Ronald Radosh, commenting on Justice Goldstone’s bizarre “just kidding” op-ed in yesterday’s Washington Post about the eponymous Goldstone report on Israel’s conduct in Operation Cast Lead (despite the dateline, it’s not, near as I can tell, an April Fool’s joke):
In a stunning and unexpected turn of events, Judge Richard Goldstone has essentially reversed himself on the findings of the Goldstone Report. He does, of course, qualify his remarks to make it appear that he has not reversed himself. What he does, in effect, is to say that if only Israel had cooperated with his investigation from the start, he would not have reached the incorrect conclusions of the now famous and highly influential report. Israel, of course, had quite good reasons to distrust Goldstone, as his report did major damage. But one would rather have Judge Goldstone now blame Israel for his original damaging conclusions than to have him blame Israel for intentionally being the major human rights violator in the Middle East.
Now, Goldstone asserts, “We know a lot more today about what happened in the Gaza war of 2008-09 than we did when I chaired the fact-finding commission.” Poppycock! ….
He now argues, perhaps out of guilt or perhaps he decided his critics were correct, that “the purpose of the Goldstone Report was never to prove a foregone conclusion against Israel,” and that the original mandate of the UN Human Rights Council “was skewed against Israel.”
No foregone conclusion? Of the three other panelists besides Goldstone, one had already accused Israel of war crimes before the investigation and (verdict first, trial later), and another is so wildly anti-Israel that he holds an acknowledged grudge against Israel for purportedly murdering Irish U.N. peacekeepers (an event that never happened), and who also disclaimed his willingness to give any credence to photographic evidence of Hamas crimes presented by Israel. Goldstone himself was serving at the time as a board member of Human Rights Watch, which has hardly shown itself to be a neutral observer of the Israeli-Palestinian conflict. And indeed, NGO Monitor has shown that big chunks of the Report’s accusations were lifted from unsubstantiated HRW material.
Goldstone apparently is starting to regret his role in the whole fiasco, and it’s certainly amusing to read various anti-Israel blogs that formerly lauded Goldstone as a hero for speaking truth to power now worrying about the “damage” he is doing to their cause.
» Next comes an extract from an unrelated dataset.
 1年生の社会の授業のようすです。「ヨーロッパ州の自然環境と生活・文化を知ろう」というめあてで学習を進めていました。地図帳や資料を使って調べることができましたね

The key lines in his op-ed: while “the crimes allegedly committed by Hamas were intentional,” “civilians were not intentionally targeted [by Israel] as a matter of policy.”
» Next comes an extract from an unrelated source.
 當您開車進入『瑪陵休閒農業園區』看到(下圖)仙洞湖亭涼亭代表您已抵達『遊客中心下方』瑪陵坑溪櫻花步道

But Goldstone agreed to lead a kangaroo court appointed by the U.N. Human Rights Council, which includes such human rights stalwarts as China, Cuba, Egypt, and Saudi Arabia. Penance is always welcome, but Goldstone will go down in history as the head kangaroo.
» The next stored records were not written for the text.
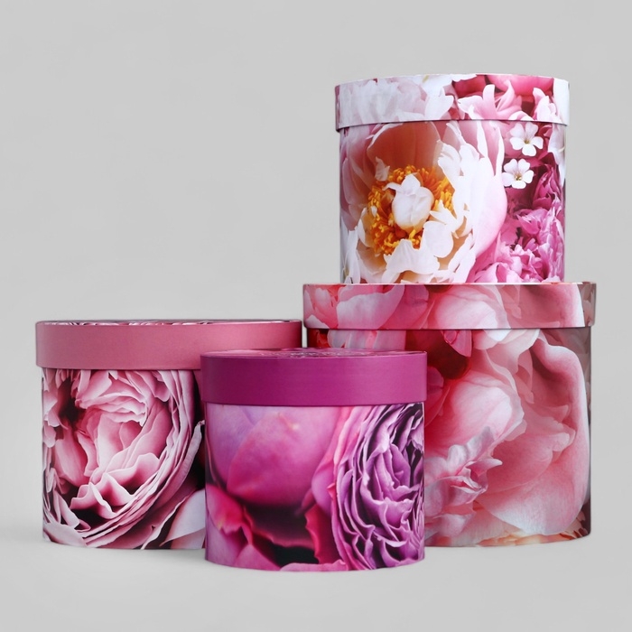 Набор шляпных коробок для цветов 4 в 1, упаковка подарочная, «Пионы», 20 х 17,5 - 16 х 14 см
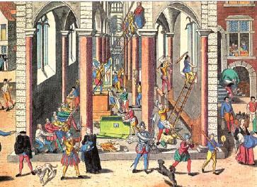 当革命浪潮如狂风一般卷来的时候,养尊处优的贵族才意识到事情的严重性。1566年,当奥兰治的威廉、厄格蒙特伯爵和荷恩大将组成的“贵族同盟”开始向西班牙驻尼德兰总督玛格丽特请愿时,专横的玛格丽特愤怒了,她断然拒绝了他们的请求。彷徨的贵族们正在商量新的对策,却听闻愤怒的人民群众已经掀起了大规模的破坏圣像运动。在昔日神圣的天主教堂和修道院里,随处可见倒塌的圣母像,雕像的碎片更是随处可见,整个教堂内一片狼藉。这次声势浩大的运动,在很短的时间里席卷了尼德兰十几个省,参与人数更是达到了数万人,捣毁的教堂和寺院不计其数。面对革命,西班牙的统治者们束手无策,尼德兰革命正在慢慢靠近。
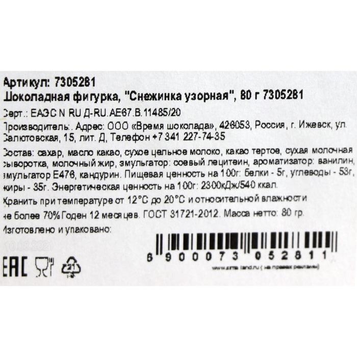Шоколадная фигурка "Снежинка узорная", 80 г

UPDATE: David Schraub comments:
My line on Goldstone had always been that the problems in his report were structural, not the result of a malignant heart. It was Goldstone’s determination to play a straight hand in a marked deck that was his undoing. Judge Goldstone was trying his level best, but there was no way to have a full and fair investigation — no matter how diligent one is at crossing t’s and dotting i’s — when the propagating party is the UNHRC and the investigation occurs within a context (the international legal community) that is shot through with bias and prejudice. There seems to be some belated realization by Judge Goldstone that this is true, but I fear it is for naught. Like his original report, his mea culpa is too legalistic to have much of an impact — it is, shall we say, unlikely that the UN will accede to PM Netanyahu’s demand that the original report be retracted in the wake of Judge Goldstone’s recantation. We are, and always were, in the realm of politics, not law. Judge Goldstone tried as hard as he could to imagine that was not so, but there is no way to extract oneself in cases such as this. His colleagues in the system understood the game, and he got rolled.
I think, additionally, that Goldstone took Israel’s refusal to participate in this “game” as a personal affront, rather than causing him, as he should have, to question the whole enterprise.